=== Dataset section ===

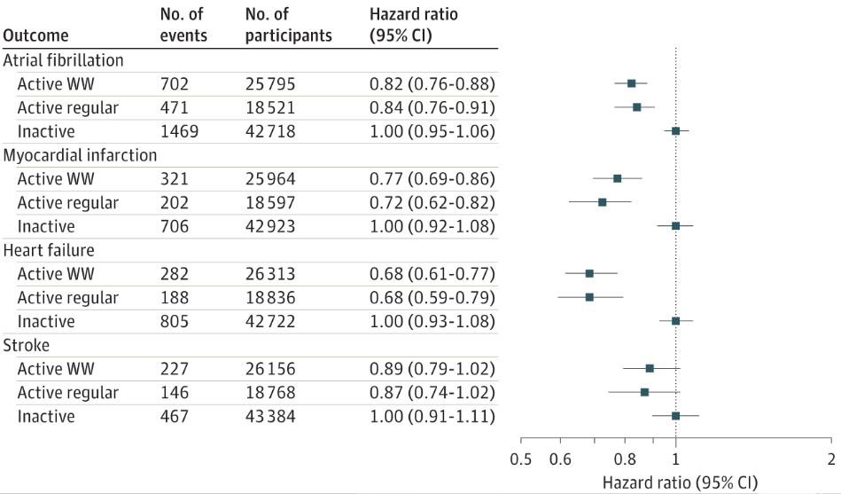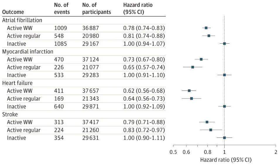 在校正了年龄、性别、种族/民族、抽烟习惯、汤森剥夺指数(人群社会经济环境)、酒精摄入量、受教育程度、就业情况、自报告健康状况和饮食质量这些因素后,与不达标组相比,WW组和均匀组分别与房颤风险下降22%和19%、心肌梗塞风险下降27%和35%、心力衰竭风险下降38%和36%,以及卒中风险下降21%和17%有关,下降幅度相似。
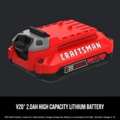 This 2 pack of V20* 2.0Ah Lithium Ion Batteries provides up to 1.5x the runtime of a standard 20V MAX* lithium battery**. They are compatible with all the CRAFTSMAN V20* cordless power tool and outdoor tool lineup. The professional grade high performance cells of CRAFTSMAN 20V battery provide improved power and a longer cycle life. Each pack is equipped with a 3-LED state of charge for immediate battery charge feedback. No memory and virtually no self-discharge means these batteries are ready when you are.
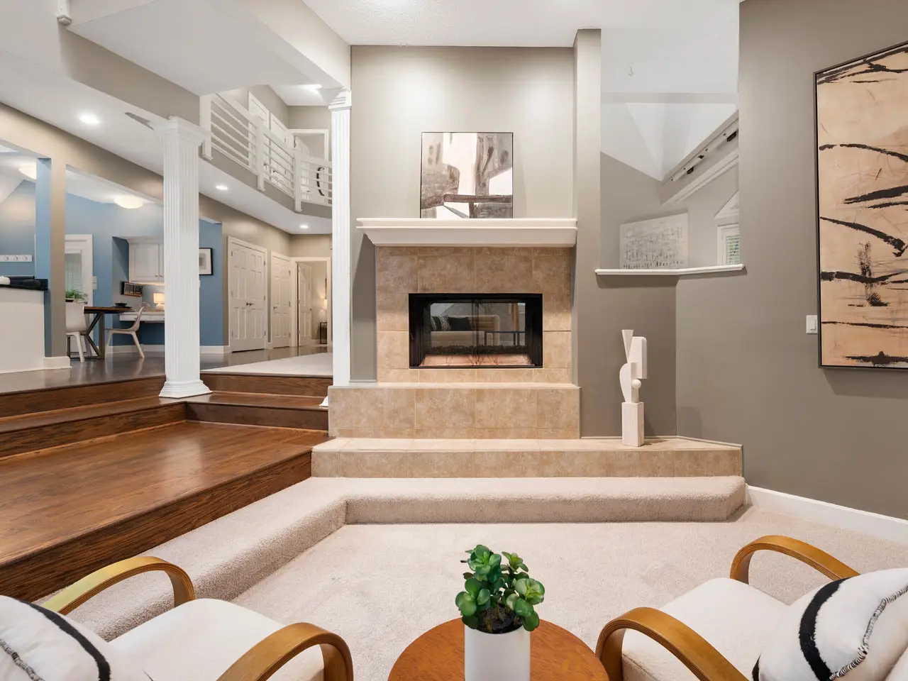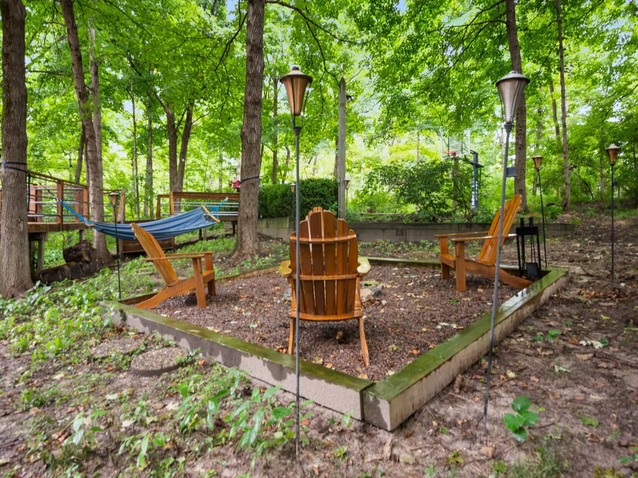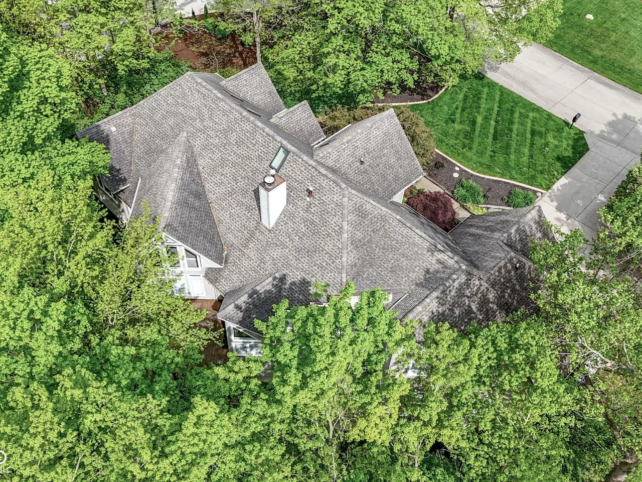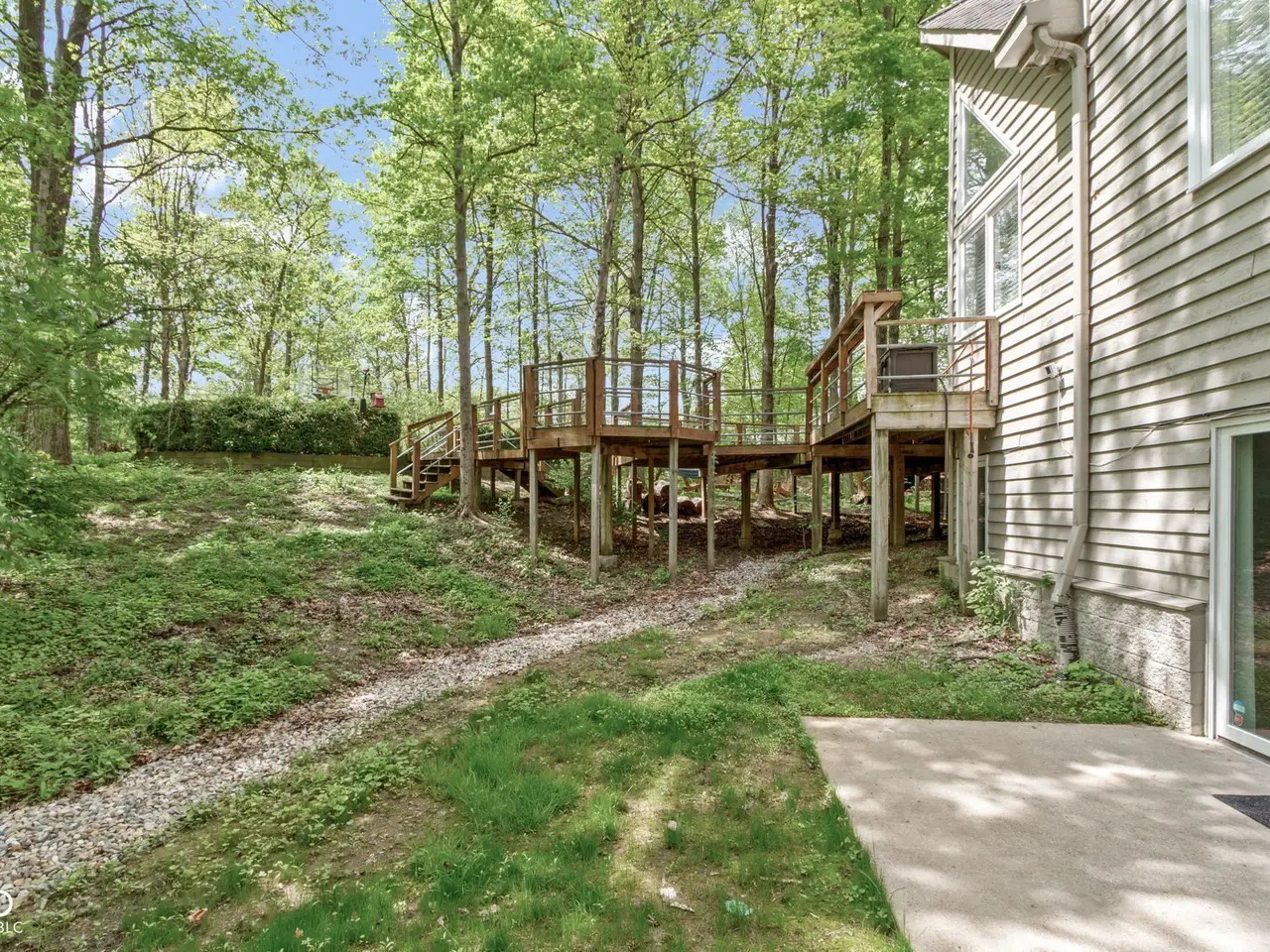 NEW PICS and NEW PRICE! Tired of the cookie cutter, builder beige look? Come check out this unique contemporary home! Nestled in the prestigious Geist neighborhood of Feather Cove I, this architect-designed residence offers a serene, wooded oasis on just over half an acre with it's own half court basketball court and cozy firepit. A quick stroll from Geist Reservoir, this home boasts glass floor to ceiling front entryway and expansive two-story living and dining rooms with magnificent windows creating a bright and airy atmosphere. The sunken formal dining room, two-sided gas fireplace and open floor plan further connect the kitchen and hearth room making this home perfect for entertaining. The primary suite is located on the main floor and includes an upper spa-like private bath, two walk-in closets and is connected to a flex room, perfect as a den or nursery. The gourmet kitchen is equipped with granite countertops, stainless steel appliances, white cabinetry plus a built in banquette with enough space for casual everyday dining. An upstairs loft area is perfect for meditation or as a kids' playroom and the walk out basement with exercise room offers additional hang out space. Huge pluses are the large 3 car garage, dual zone heating/cooling, whole home water filtration system, whole home humidification system plus the reliability of a new whole home Generac generator. This exceptional property combines luxurious living with the tranquility of nature, making it a rare find in the Geist Reservoir area. Nearby shopping, dining, walking path and school options, such as the "A" rated Amy Beverland Elementary, St Simon, Horizon and Holy Cross schools, make this home a winner!
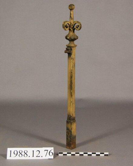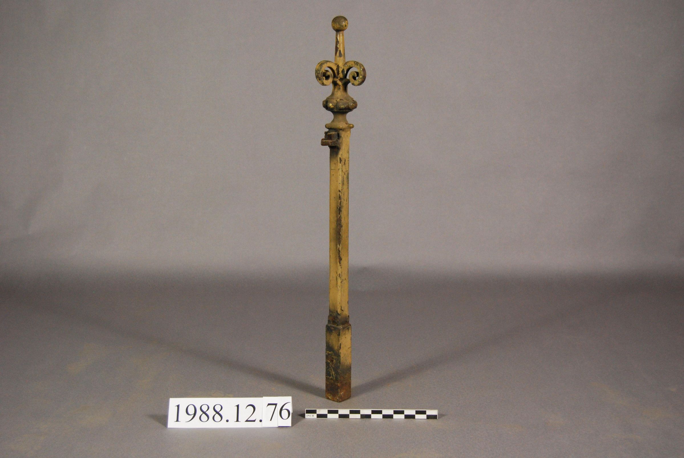 Cast iron fence post. Solid square shaft with stepped shoulder. Chamfered corners. Has bulbous finial with beaded perimeter. Botanical motif. Scrolled arms (one is truncated). Spire with ball top. Post has tabs on two sides. Painted beige over original finish which is gilded.

===

Problem to work on: An exact copy of the listing is required; return it without any pictures.

Output of the exercise:
 在校正了年龄、性别、种族/民族、抽烟习惯、汤森剥夺指数(人群社会经济环境)、酒精摄入量、受教育程度、就业情况、自报告健康状况和饮食质量这些因素后,与不达标组相比,WW组和均匀组分别与房颤风险下降22%和19%、心肌梗塞风险下降27%和35%、心力衰竭风险下降38%和36%,以及卒中风险下降21%和17%有关,下降幅度相似。
 This 2 pack of V20* 2.0Ah Lithium Ion Batteries provides up to 1.5x the runtime of a standard 20V MAX* lithium battery**. They are compatible with all the CRAFTSMAN V20* cordless power tool and outdoor tool lineup. The professional grade high performance cells of CRAFTSMAN 20V battery provide improved power and a longer cycle life. Each pack is equipped with a 3-LED state of charge for immediate battery charge feedback. No memory and virtually no self-discharge means these batteries are ready when you are.
 NEW PICS and NEW PRICE! Tired of the cookie cutter, builder beige look? Come check out this unique contemporary home! Nestled in the prestigious Geist neighborhood of Feather Cove I, this architect-designed residence offers a serene, wooded oasis on just over half an acre with it's own half court basketball court and cozy firepit. A quick stroll from Geist Reservoir, this home boasts glass floor to ceiling front entryway and expansive two-story living and dining rooms with magnificent windows creating a bright and airy atmosphere. The sunken formal dining room, two-sided gas fireplace and open floor plan further connect the kitchen and hearth room making this home perfect for entertaining. The primary suite is located on the main floor and includes an upper spa-like private bath, two walk-in closets and is connected to a flex room, perfect as a den or nursery. The gourmet kitchen is equipped with granite countertops, stainless steel appliances, white cabinetry plus a built in banquette with enough space for casual everyday dining. An upstairs loft area is perfect for meditation or as a kids' playroom and the walk out basement with exercise room offers additional hang out space. Huge pluses are the large 3 car garage, dual zone heating/cooling, whole home water filtration system, whole home humidification system plus the reliability of a new whole home Generac generator. This exceptional property combines luxurious living with the tranquility of nature, making it a rare find in the Geist Reservoir area. Nearby shopping, dining, walking path and school options, such as the "A" rated Amy Beverland Elementary, St Simon, Horizon and Holy Cross schools, make this home a winner!
 Cast iron fence post. Solid square shaft with stepped shoulder. Chamfered corners. Has bulbous finial with beaded perimeter. Botanical motif. Scrolled arms (one is truncated). Spire with ball top. Post has tabs on two sides. Painted beige over original finish which is gilded.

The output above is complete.